Altos cargos militares iraníes mueren en ataques israelíes junto a científicos y civiles
14 de junio de 2025

En el ataque israelí más reciente en suelo iraní, fueron eliminados varios de los más altos mandos militares de Irán, entre ellos Mohamad Hosein Baqeri, jefe del Estado Mayor de las Fuerzas Armadas, y Hossein Salamí, comandante en jefe de la Guardia Revolucionaria, además de otros altos oficiales, científicos nucleares y decenas de civiles.
Mohamad Hosein Baqeri, considerado el segundo militar más poderoso del país tras el líder supremo Alí Jameneí, era un experto en inteligencia militar y geopolítica. Nacido en 1960 en Teherán, Baqeri participó en la guerra Irán-Irak y dirigió el Estado Mayor desde 2016. Fue sancionado por Estados Unidos, Canadá y la Unión Europea, esta última por su implicación en el envío de drones a Rusia para la guerra en Ucrania. Su puesto será ocupado por el mayor general Abdorrahim Musaví.
Hossein Salamí, nacido en 1960, fue nombrado comandante en jefe de la Guardia Revolucionaria en 2019, en un contexto de creciente tensión con Estados Unidos. Reconocido por su discurso combativo contra Israel, Estados Unidos y Arabia Saudí, Salamí estuvo al mando durante ataques masivos con misiles y drones hacia Israel en 2024. Tras su muerte, el general Mohammad Pakpur asumirá el cargo.
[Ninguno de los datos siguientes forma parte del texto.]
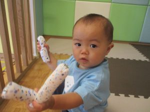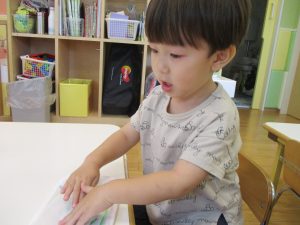 絵の具遊びは何度も楽しんでおりますが、布を使った製作は初めて行いました。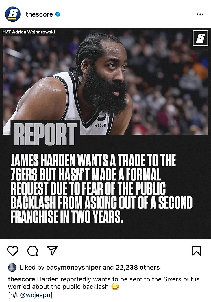 Согласно сообщению инсайдера ESPN Эдриана Воджнаровски, Харден хочет, чтобы его обменяли в «Филадельфию», но не стал подавать официальную просьбу, опасаясь негативной реакции общественности.

Otros oficiales fallecidos incluyen al general Amir Ali Hajizadeh, jefe de la Fuerza Aérea de la Guardia Revolucionaria y responsable del programa de misiles y drones, implicado también en el derribo accidental del vuelo ucraniano 752 en 2020; y al general Gholam Ali Rashid, comandante del Cuartel General Central Khatam al-Anbiya y sancionado por la UE por apoyar a Rusia.
Asimismo, murieron al menos seis científicos nucleares clave, entre ellos Mohammad Mehdi Tehranchi y Fereydoun Abbasi, ambas figuras destacadas en el desarrollo del programa atómico iraní.
Según reportes no oficiales, en total se contabilizan unas 70 muertes y más de 300 heridos civiles durante estos ataques.
Estos hechos representan un golpe estratégico y simbólico contra la estructura militar y científica iraní, incrementando la tensión en la región y en las relaciones internacionales, mientras la comunidad global observa la evolución del conflicto.